As a society, we now need a detailed and robust conversation about these glaring contradictions and how we can transform bad jobs into good jobs and meaningful careers. Applause and praise are important, but they will not pay bills or find a place to live. What we need now is very concrete action on pay and conditions for workers in the sector and some very lasting and tangible recognition of the essential role they play. They need decent pay, they need job security and they need a voice at work, and that means collective bargaining rights across the sector. They also need to see a stronger social wage, particularly affordable childcare and affordable housing.
As a first step, there should be an immediate restoration of the joint labour committee across the sector, which would help at least establish a basic level of decency around pay and conditions. The support of this committee for this very tangible measure would be very welcome and very valuable.

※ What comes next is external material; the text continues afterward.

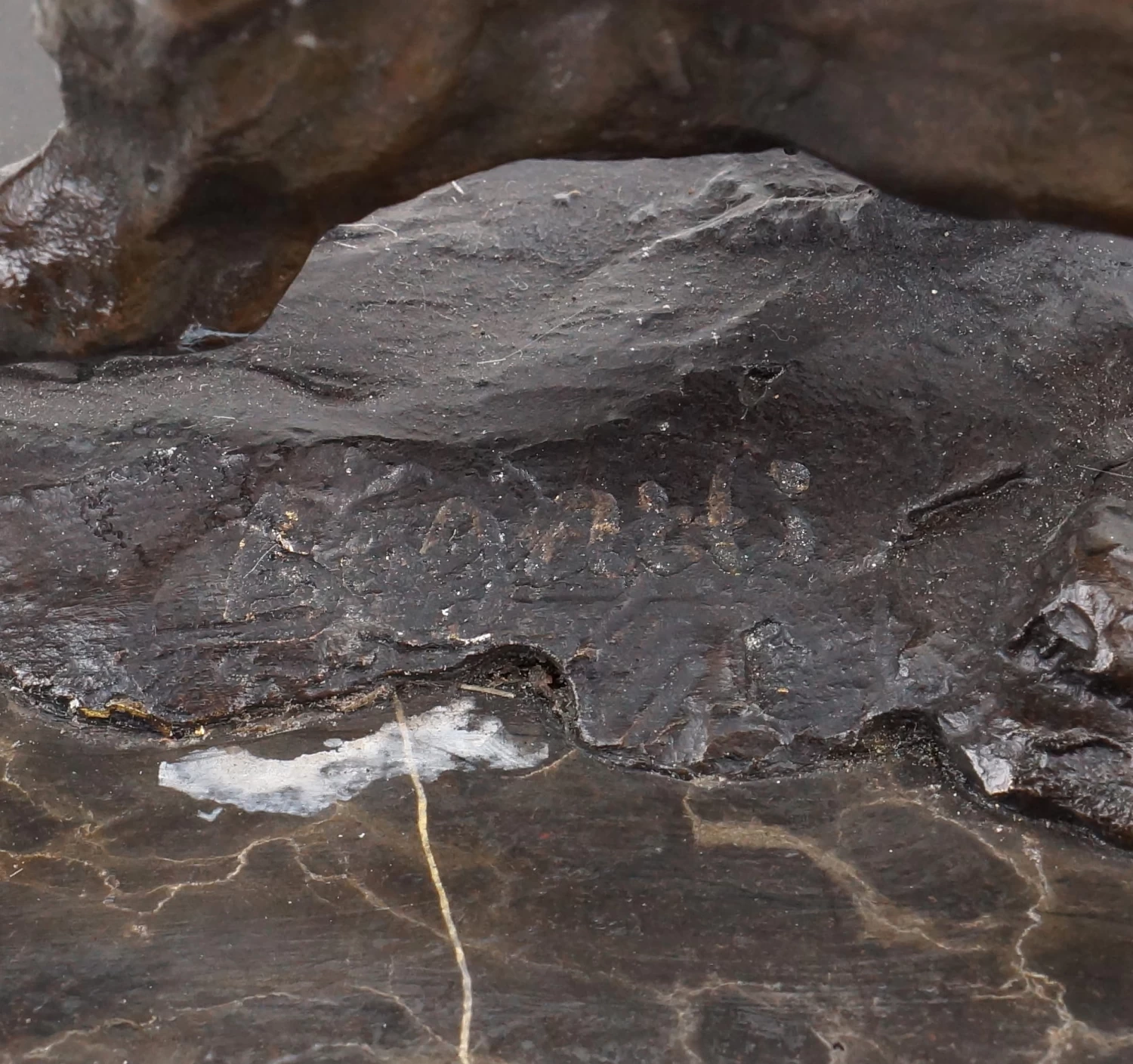 In 1904, the Italian sculptor Rembrandt Bugatti designed his bronze figurine Walking Panther (Panthère marchant). The sculpture seamlessly fits into the artist’s overall work, which encompasses more than 300 statues. From an early age on, Bugatti specialised in the authentic depiction of exotic animals, which he studied in Paris’ Jardin de Plantes. Stylistically, the young sculptor worked outside of the conventional mechanisms of idealisation. For Bugatti, every animal was an individual being, which is why he always tried to capture the unique characteristics of the respective animals. Walking Panther is one of his most famous sculptures. This signed animal figurine is placed on a coloured marble base, which skilfully highlights the walking panther figurine. Authentic proportions and the natural dynamic of the motif create an impressive snapshot of this bronze feline predator. One of the first gypsum models of this animal sculpture can be found in the Musée d’Orsay in Paris.

Good employers have nothing to fear from this agenda. Employer and lobby groups that are often vocal about upwards pressure on wages might be better served directing their attention and energy at Government and the policies that make so many crucial services unaffordable for low wage workers. In tackling these issues, we have the opportunity to rebuild and to reimagine the sector as one that is characterised by decent work and by high employment standards. We need a new blueprint for the sector into the future and this would be best undertaken by a new, dedicated retail stakeholder group comprising all relevant stakeholders.
That is a call we have made repeatedly, or has been made repeatedly by the congress representative on the retail consultation forum, which is headed by the Minister of State at the Department of Enterprise, Trade and Employment, Deputy Damien English. As I said at the outset, the applause has long since faded. It is time for action and for real change.